▶ _EXERCISE INSTRUCTIONS_
Repeat the data that follows exactly, starting at the line with "The Robin Hood Statue, Nottingham Castle" and ending at the line with "Flaps (hinge and clip system).", and leave out every picture.

▶ _PROVIDED RECORDS_
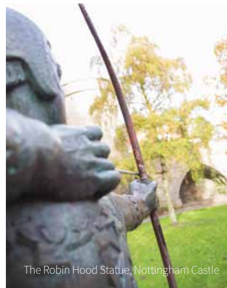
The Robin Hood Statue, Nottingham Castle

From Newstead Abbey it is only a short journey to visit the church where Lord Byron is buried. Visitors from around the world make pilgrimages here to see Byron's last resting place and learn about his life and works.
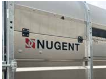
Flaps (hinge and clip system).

--

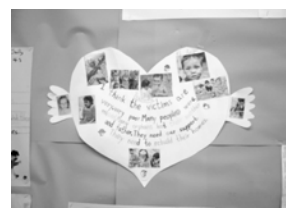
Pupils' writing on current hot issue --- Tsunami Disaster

▶ _ANSWER SECTION_
The Robin Hood Statue, Nottingham Castle

From Newstead Abbey it is only a short journey to visit the church where Lord Byron is buried. Visitors from around the world make pilgrimages here to see Byron's last resting place and learn about his life and works.
Flaps (hinge and clip system).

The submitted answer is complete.